By Steven R. Drexel, President and CEO of the Cornerstone Staffing Solutions, Inc. family of companies


On Friday August 3rd, the Bureau of Labor Statistics (“BLS”) released its monthly summary of labor market activity covering July 2018. The recent economic data has been pretty positive (with second quarter GDP growing at 4.1 percent and inflation still restrained).  Therefore, employment growth was expected to confirm the recent good news.   On balance, it was a mixed employment report.  Jobs growth was slower than expected, but the unemployment rate declined by a tenth and the ‘change in average hourly earnings’ remained constant.


Jobs Growth At-a-Glance

The all-important jobs growth number at 157,000 net new positions was mildly softer than the 190,000 expectation.  This modest disappointment was alleviated by the knowledge that revisions to the prior two months added another 59,000 jobs to the total. Therefore, the three-month moving average was a remarkable 224,000 net new positions — which can’t be viewed as anything short of impressive.  Moreover, the household survey, a smaller and more volatile series, indicated that employment grew by 389,000 positions.   The industry detail was also reassuring in that the biggest shortfalls during July were in government and specialty retail stores which caught the brunt of the Toys R Us closings.  Neither of these shortfalls are expected to be repeated going forward.


Unemployment Rate Update

The unemployment rate decreased by one tenth of a point to 3.9 percent.  This was within the reasonably narrow range that unemployment has occupied for nine months.  The unemployment rate is quite low by any historical standard but the notion that it is not moving south at a fast clip suggests that the labor force is still expanding at an accommodating rate allowing employment to grow in order to continue to support the expanding economy.  A really reassuring note in terms of the sustainability of the expansion.


Wage Rate Influencers

Average hourly earnings during July indicated that wages grew by 2.7 percent on a year-over-year basis, unchanged compared to June and recent months.  This remains surprising because during previous economic expansions, when the unemployment rate was below 4.0 percent, growth in wage rates exceeded 4.0 percent. It is unfortunate that workers have not seen stronger wage gains during this long expansion and painful to observe that this month the rate of general price inflation wiped out any real income gains for the average worker.  On the other hand, it is often higher wage inflation that sets off a series of events that leads to a recession.  There is some consolation in that, in exchange for lower wage growth, employment has grown for a record number of months and unemployment across many dimensions is at or near a 17-year low.

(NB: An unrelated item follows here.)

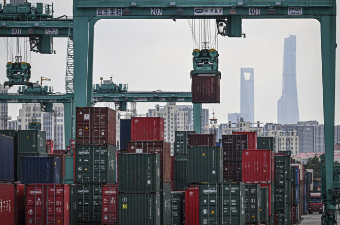 중국 상하이의 한 컨테이너 터미널에서 수출용 컨테이너가 옮겨지고 있다. (사진=AFP)

The causes of weak wage growth include the observation that productivity growth during this recovery has been unusually weak.  Historically, improvements in wages, as well as the overall standard of living, are highly dependent on productivity growth.  A second explanation for the relatively weak wage growth involves demographic changes.  As the large generation of baby boomers, at relatively high pay rates, retire and are replaced by newer, less experienced, entrants into the labor force, this depresses the growth in the average wage.   Further, the baby boomers still represent a large segment of the workforce and at this point in their careers, they tend to trade off pay increases for things they care more about like job security, time-based flexibility as well as other quality of life factors. A third factor suppressing wage growth is the effect of global competition which theorizes that work shifts to lower wage locations when domestic wages grow at a faster rate than our global challengers.

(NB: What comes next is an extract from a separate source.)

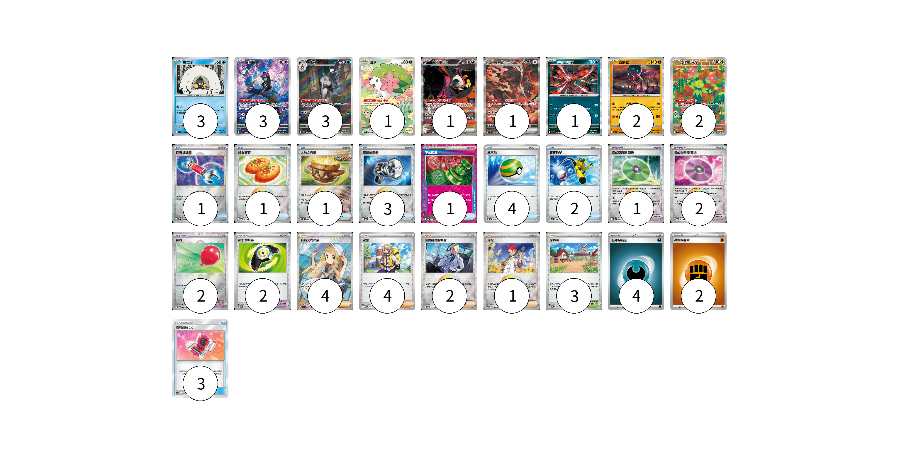 牌組構築方案 以此牌組為基礎新構築牌組 顯示卡面 顯示列表 寶可夢卡(17) 3 3 3 1 1 1 1 2 2 寶可夢道具(7) 1 2 2 2 物品卡(16) 1 1 1 3 1 4 2 3 支援者卡(11) 4 4 2 1 競技場卡(3) 3 能量卡(6) 4 2 寶可夢卡(17) 卡牌名稱 張數 卡牌名稱 張數 雪童子 SV6 031/101 03 願增猿 SV6 107/101 03 雪妖女 SV6 104/101 03 謝米 SV9a 066/063 01 吉雉雞ex SV6a 089/064 01 月月熊 赫月ex SV8a 225/187 01 伊裴爾塔爾 M1L 040/063 01 古鼎鹿 SV5a 047/066 02 沙鈴仙人掌 SV9 101/100 02 寶可夢道具(7) 卡牌名稱 張數 卡牌名稱 張數 招式學習器 演進 SV8a 160/187 01 招式學習器 衰退 SV8a 161/187 02 氣球 SV11B 082/086 02 反擊增幅器 SV7a 059/064 02 物品卡(16) 卡牌名稱 張數 卡牌名稱 張數 道具拆除器 SV11W 080/086 01 好友寶芬 SV8a 147/187 01 大地之容器 SV8a 143/187 01 反擊捕捉器 SV8a 139/187 03 不公印章 SV5a 053/066 01 巢穴球 SV4a 159/190 04 厲害釣竿 SV4a 158/190 02 寶可齒輪3.0 AS6b 190/194 03 支援者卡(11) 卡牌名稱 張數 卡牌名稱 張數 莉莉艾的決意 M1L 086/063 04 派帕 SV4a 180/190 04 阿克羅瑪的執著 SV8a 164/187 02 赤松 SV8a 163/187 01 競技場卡(3) 卡牌名稱 張數 卡牌名稱 張數 深缽鎮 SV4a 185/190 03 能量卡(6) 卡牌名稱 張數 卡牌名稱 張數 基本惡能量 sv-p DAR 04 基本【鬥】能量 SVAM FIG 02 以此牌組為基礎新構築牌組 牌組編碼 CikekU-fngXfK-BEfWrw copy 列印牌組單 牌組編碼已複製 分享至SNS

Measures of Labor Availability

Isolating the prime-age workers (between 25 and 54 years old) eliminates the influence of the aging baby boomers that cause the workforce to be on average older, likely suppressing the aggregate rates of employment and participation.  Focusing on prime-age workers also corrects for the younger segments of the population who continue in school or career training. The median duration of unemployment provides insight into how easy it is for unemployed workers to re-enter the workforce.  Collectively, these less-followed series can provide insight into the capacity of the labor force or its ability to continue growing despite the long-running expansion and low unemployment:

  • The labor force participation rate for prime-age workers increased by one-tenth of a point to 82.1 percent, this is still below the high of 83.4 percent at the end of the last expansion during January of 2007;
  • Seventy-nine point five (79.5) percent of prime-age workers were employed during July, up slightly from June, yet still below the 80.3 percent peak during the previous expansion – also in January 2007; and
  • The median duration of unemployment increased slightly to 9.5 weeks during July. This was still elevated compared to the 7.3-week duration that was the lowest point of the last expansion during June of 2006.


Industry Sector Details

The industry sector metrics remained strong as 64.0 percent of the detailed industries grew during July which was still weaker than June or May’s metrics – which were closer to 70 percent.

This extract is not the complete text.